HPE Juniper Networking Case Study Highlights

Network Infrastructure Leader

HPE Juniper Networking designs high-performance networking platforms for some of the world’s most demanding data center environments. As AI workloads drive large-scale GPU deployments, its customers are placing increasing demands on network performance, scale, and reliability. These shifts make HPE Juniper Networking’s data center infrastructure a critical factor in GPU utilization, performance, and cost efficiency, raising the stakes for validating AI-ready architectures before deployment.

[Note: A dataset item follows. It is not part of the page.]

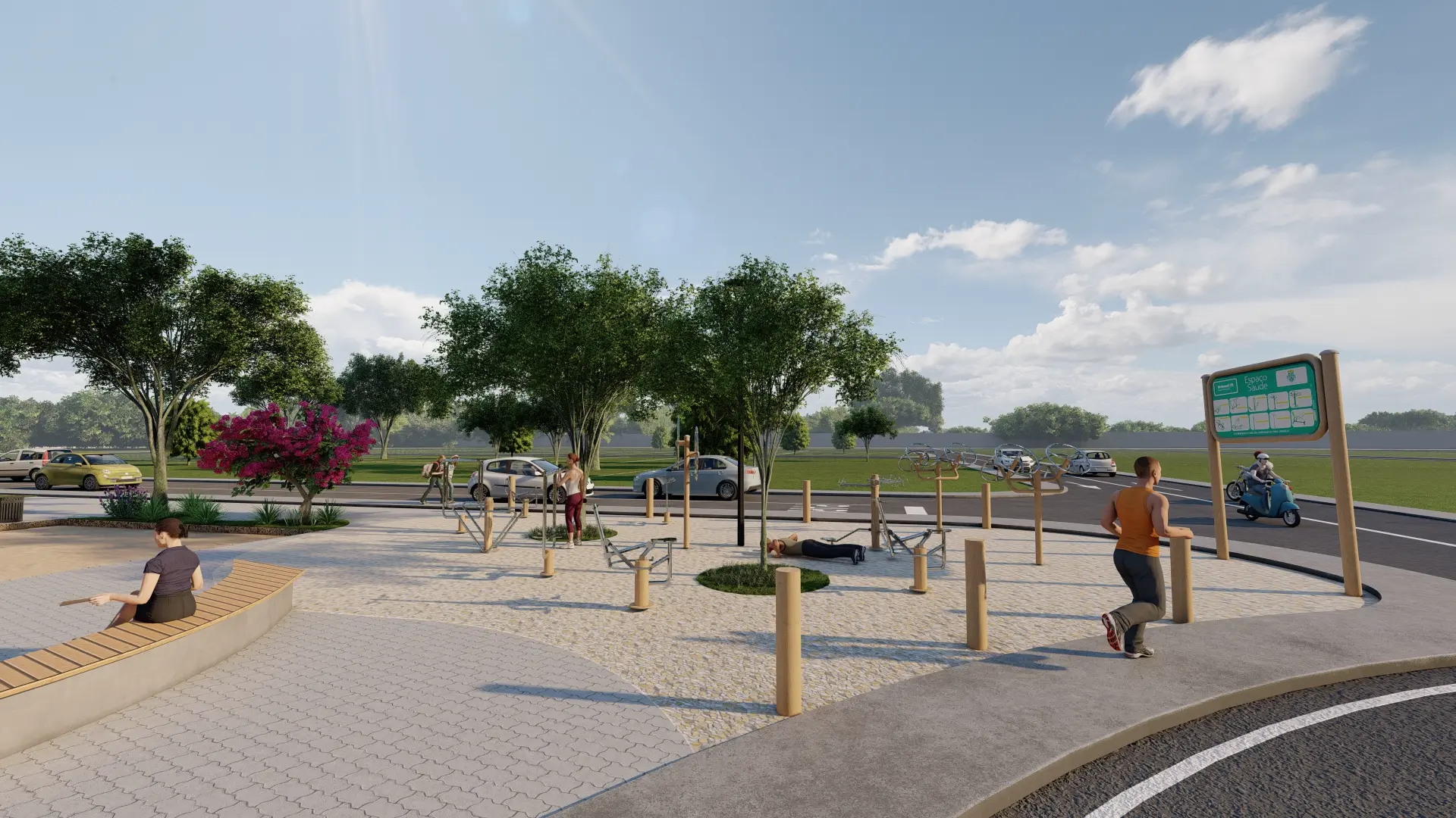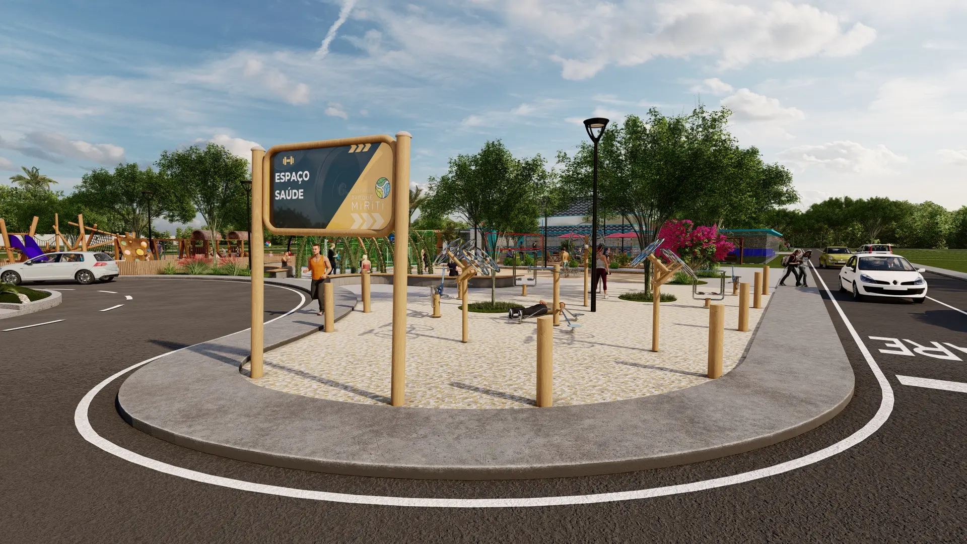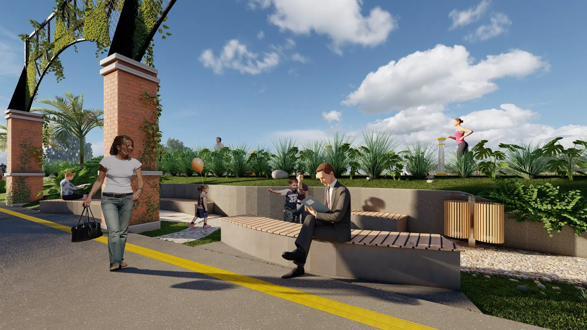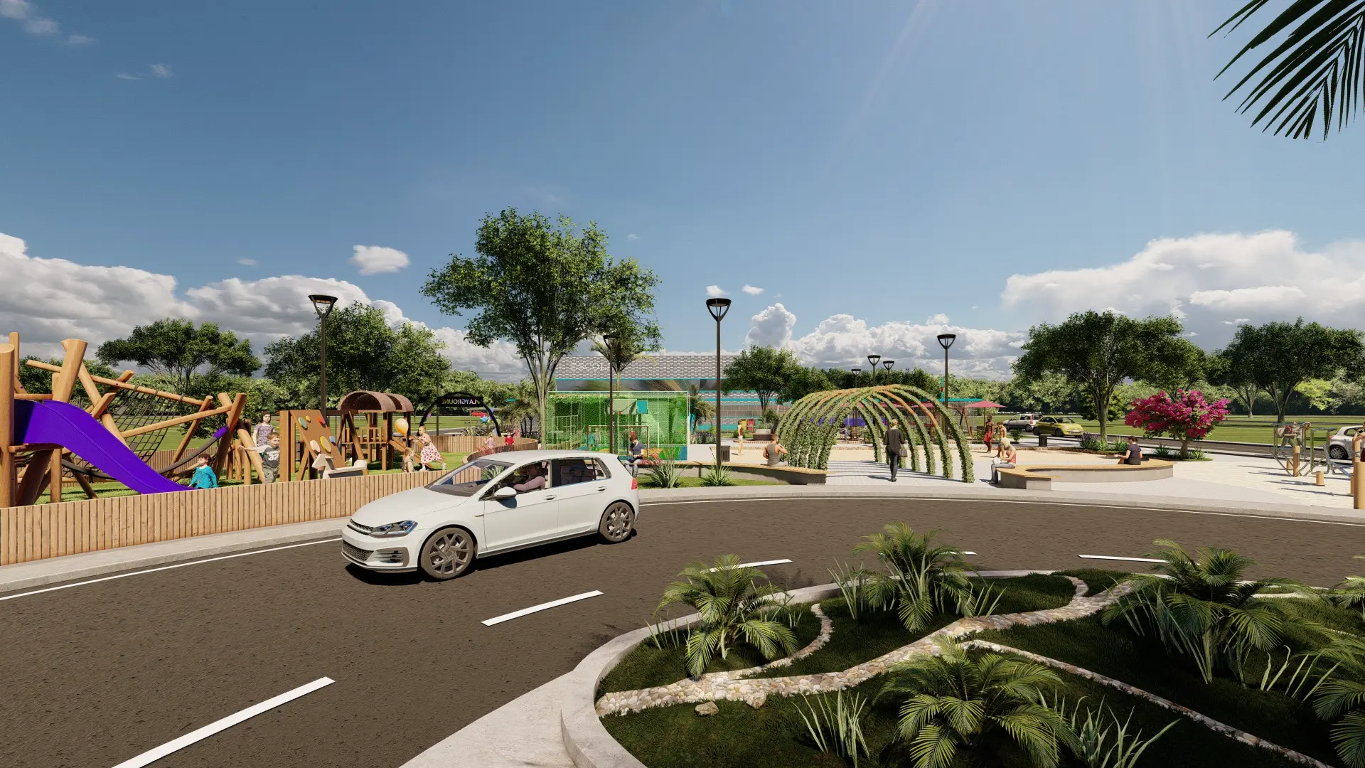 Com design elegante, colunas acolhedoras e uma atmosfera convidativa, este pórtico é a entrada perfeita para um espaço exclusivo, onde o conforto encontra a sofisticação. Uma estrutura de apoio para quem chega e sai do Parque Miriti.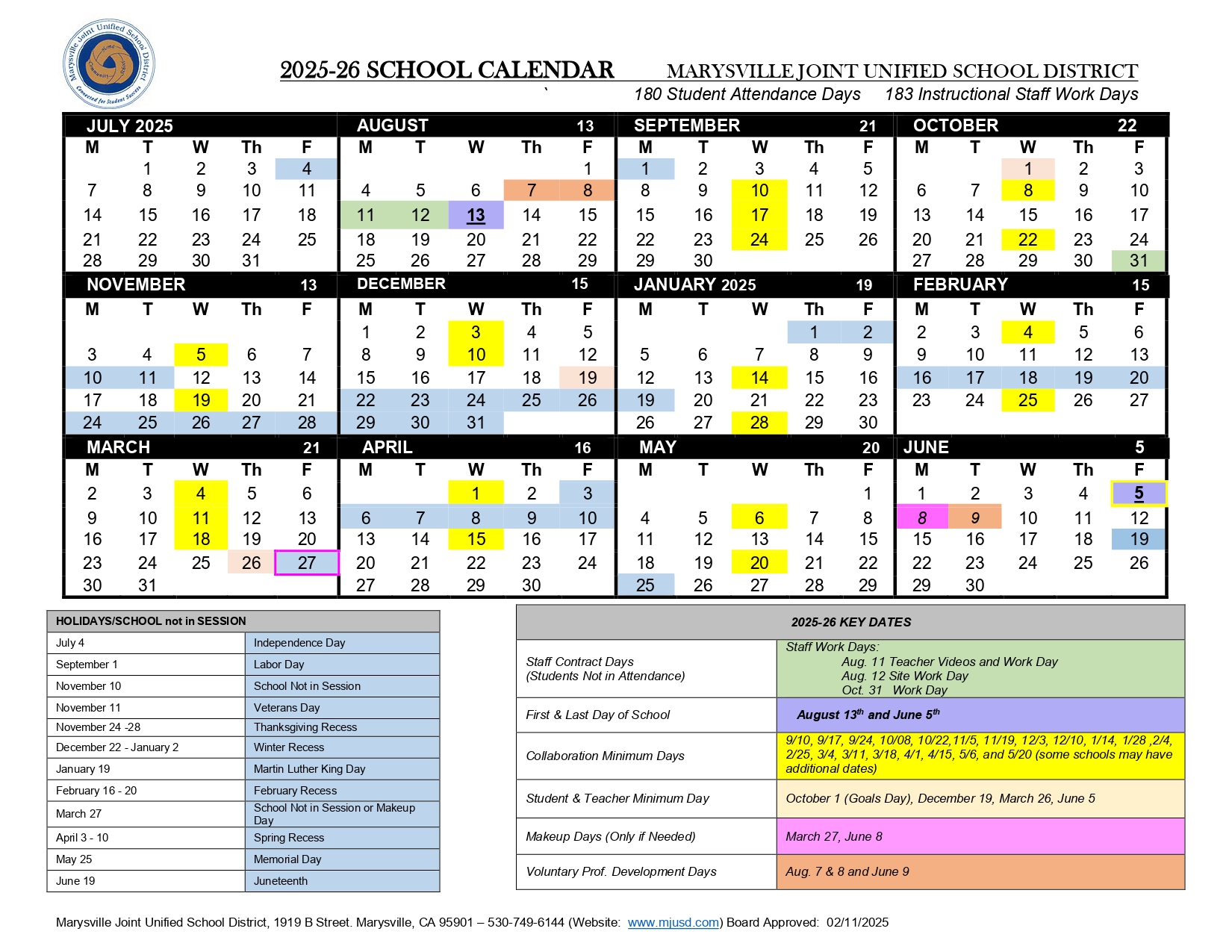 Marysville Joint Unified School District Calendar PDF Revised EduCounty

Proving Deployment Performance

HPE Juniper Networking needed to validate that high-radix QFX5230 and QFX5240 switching platforms could perform reliably under real-world AI traffic conditions, before customer deployment. AI environments generate long-lived, high-bandwidth traffic flows, known as elephant flows, that stress network architectures with East-West traffic, unlike traditional data center traffic. Emulation allows testing the fundamental behavior of features and validating command-line interface (CLI) knob mechanics. The challenge was proving system-level performance under these AI-specific conditions without building massive physical GPU clusters.

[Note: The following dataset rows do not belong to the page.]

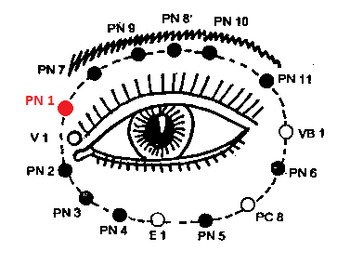 PN 1 ШАН-ЦИН-МИН (НЕЙ-МИН) - на 0,5 см выше и кнутри от точки V 1 ЦИН-МИН, на верхнем крае орбиты (рис. 224).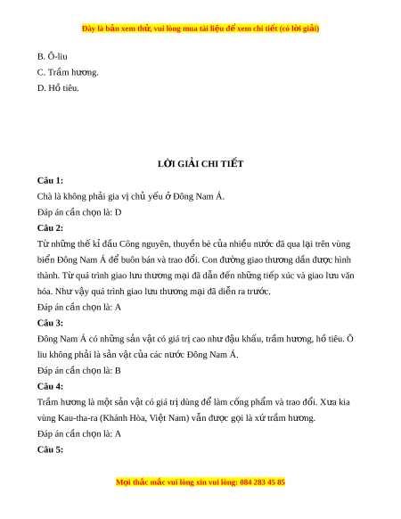 Đây là bản xem th , vu ử i lòng mua tài li u ệ đ xe ể m chi ti t (c ế ó l i ờ gi i ả ) D. Hy L p, ạ n Đ Ấ , ộ Đ a ị Trung H i ả Câu 6: Nh ng đ ữ c ặ đi m ể sau đây là đ c t ặ r ng c ư a đ ủ t ấ nư c ớ nào? “Đất nư c s ớ n s ả inh đ i ồ m i ồ , vàng b c, ạ s ng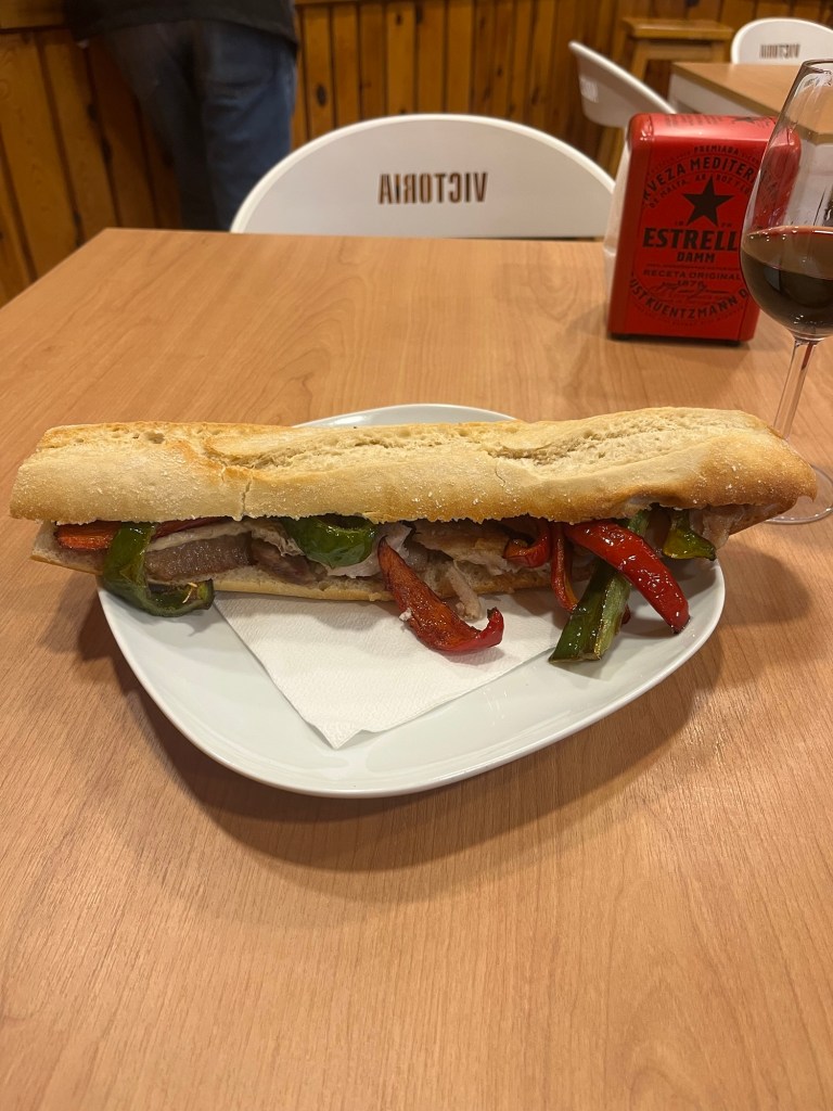 Dinner was a simpler affair than lunch. The owner offered a range of tapas and/or sandwiches in the bar rather than in the dining room. There were quite a few friendly locals there, some having just a beer, others sharing tapas, and the atmosphere was warm and welcoming. I opted for a sandwich (a boccadillo) with pork loin and sauteed peppers that turned out to be one of the best sandwiches I have ever eaten in my life. Washed down with a glass of red wine, it was the perfect end to another perfect day.

AI-Native Traffic Emulation

Using Keysight AresONE, a traffic emulation platform purpose-built for AI data centers, HPE Juniper Networking was able to emulate RoCEv2 traffic at line rates up to 800GE. Traffic can be bursty and exhibit specific patterns, such as all-to-all, with many GPUs trying to send data to one another, causing in-cast congestion. By recreating AI-specific traffic patterns and GPU cluster behavior, HPE Juniper Networking could model real-world congestion, buffering, and load-balancing scenarios. The Keysight solution emulates a GPU and remote direct memory access (RDMA) network interface card (NIC) to create realistic AI workload traffic. This approach enabled HPE Juniper Networking to validate advanced switch features and operational controls, without requiring large physical GPU deployments, reducing risk and accelerating readiness for customer environments.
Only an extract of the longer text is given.